To install the latest version of Calliope and the Gurobi solver into a conda environment called calliope.

Ideally, you should be able to do so by using a one-line conda command:

module use /opt/insy/modulefiles
module load miniconda/3.9
conda create -c conda-forge -c gurobi -n calliope calliope gurobi

However, the one-line conda command often fails on the cluster. In that case, you can still use this less-than-ideal fallback:

module use /opt/insy/modulefiles
module load miniconda/3.9
conda create -n calliope
conda activate calliope
conda install -c gurobi gurobi
conda install -c conda-forge calliope

Afterwards, confirm that Calliope is installed and works by typing:

conda activate calliope
calliope --version

This should simply print the installed version, such as “Version 0.6.6”, and show no errors.
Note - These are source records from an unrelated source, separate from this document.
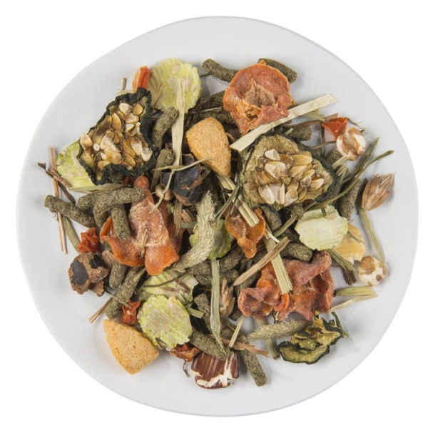 Vedľajšie rastlinné produkty (4 % seno z timotejsky lúčnej a 1 % oregáno), zelenina (5 % mrkva, 3 % uhorka a 2 % zeler), obilniny, oleje a tuky, minerálne látky.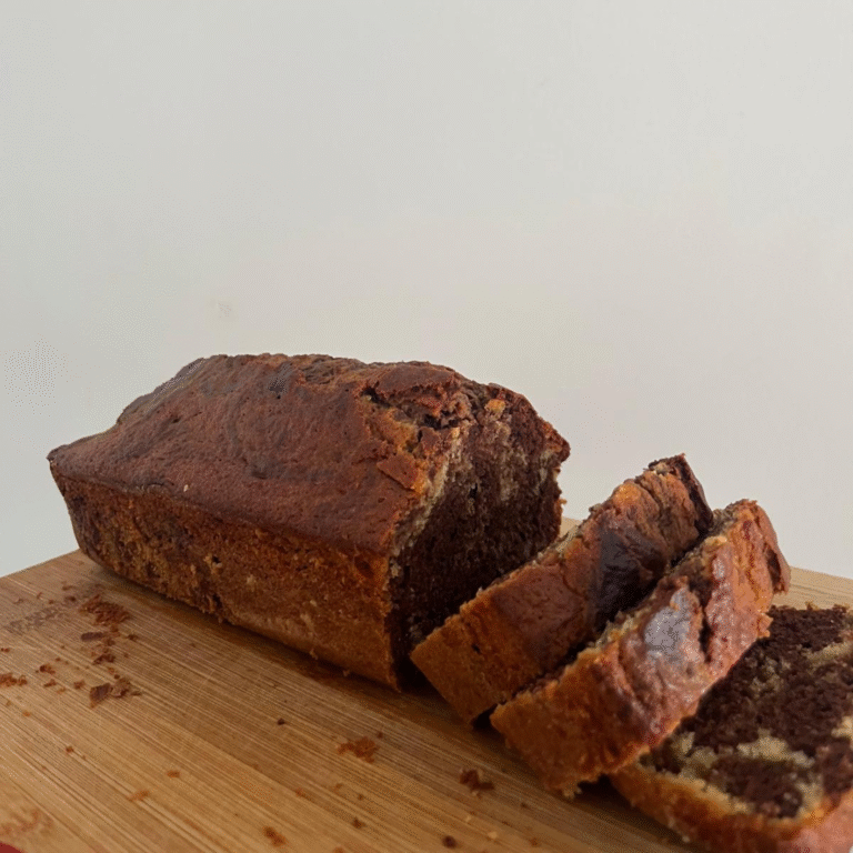 Préchauffez le four à 180 °C. Dans un moule à cake beurré ou antiadhésif, alternez des couches de pâte vanillée et de pâte chocolatée afin de créer l’effet marbré.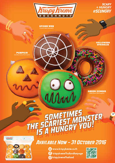 คริสปี้ ครีม ชวนคุณฉลองเทศกาลฮาโลวีน แบบสะพรึงปนน่ารักกับ "คริสปี้ ครีม ฮาโลวีน โดนัท" นำขบวนด้วย พัมพ์กิ้น โดนัท โดนัทเนื้อนุ่มสอดไส้คัสตาร์ดครีมหอมกลิ่นวนิลา ตกแต่งหน้าตาและสีสันให้คงเอกลัษณ์แห่งความเป็น แจ็ก-โอ-แลนเทิร์น (Jack-O-Lantern) ตามด้วย ฮาโลวีน สปริงเคิล โดนัท โดนัทเคลือบหน้าช็อกโกแลตเข้มข้น ที่เติมความสดใสด้วยสปริงเคิลหลากสีสัน สไปเดอร์ เว็บ โดนัท เจ้าใยแมงมุมสีขาว ที่ถูกชักใยด้วยไวท์ ช็อกโกแลต บนโดนัทสอดไส้ช็อกโกแลตฟัดจ์รสนุ่ม และปิดท้ายกับ กรีน ซอมบี้ โดนัท ปีศาจซอมบี้หน้ามึน สอดไส้ครีมเต็ม ๆ คำ ในราคาเพียงชิ้นละ 35 บาท หรือจะอร่อยยกชุดกับ "ฮาโลวีน เซ็ต" ในราคาเพียง 296 บาท (ออริจินัล 6 ชิ้น ฮาโลวีน โดนัท 6 ชิ้น) ตั้งแต่วันที่ 1 ? 31 ตุลาคม 2559 ที่ร้านคริสปี้ ครีม ทุกสาขาใกล้บ้านท่าน

To always enable miniconda each time you log in to the cluster, you should edit the file .bash_profile in your home directory:

nano ~/.bash_profile

Add the following to the end of the file:

module use /opt/insy/modulefiles
module load miniconda/3.9

To solve models, you need to set the Gurobi solver to look for the TU Delft license server. Create a file gurobi.lic in your home directory:

nano ~/gurobi.lic

Add the following content to the file:

TYPE=TOKEN
TOKENSERVER=flexserv-x1.tudelft.nl
PORT=27099

Run a simple Calliope model through the cluster scheduler

Create a sample model:

calliope new test

Modify the sample model configuration:

nano test/model.yaml

Ensure that in model.yaml, the solver is set to Gurobi, with the Python interface:

solver: gurobi
solver_io: python

Create a job specification file, calling it e.g. jobscript.sbatch, with this content:

#!/bin/sh

# The default partition is the 'general' partition
#SBATCH --partition=general

# The default Quality of Service is the 'short' QoS (maximum run time: 4 hours)
#SBATCH --qos=short

# The default run (wall-clock) time is 1 minute
#SBATCH --time=0:05:00

# The default number of parallel tasks per job is 1
#SBATCH --ntasks=1

# Request 1 CPU per active thread of your program (assume 1 unless you specifically set this)
# The default number of CPUs per task is 1 (note: CPUs are always allocated per 2)
#SBATCH --cpus-per-task=1

# The default memory per node is 1024 megabytes (1GB) (for multiple tasks, specify --mem-per-cpu instead)
#SBATCH --mem=1024

# Set mail type to 'END' to receive a mail when the job finishes
# Do not enable mails when submitting large numbers (>20) of jobs at once
#SBATCH --mail-type=END

# Your job commands go below here

module use /opt/insy/modulefiles
module load miniconda/3.9
conda activate calliope
srun calliope run test/model.yaml --save_netcdf test_results.nc

Submit your job to the cluster:

sbatch jobscript.sbatch

A few minutes later you should see an output log file of the with a name like slurm-[job_id].out. It should show that Calliope ran successfully.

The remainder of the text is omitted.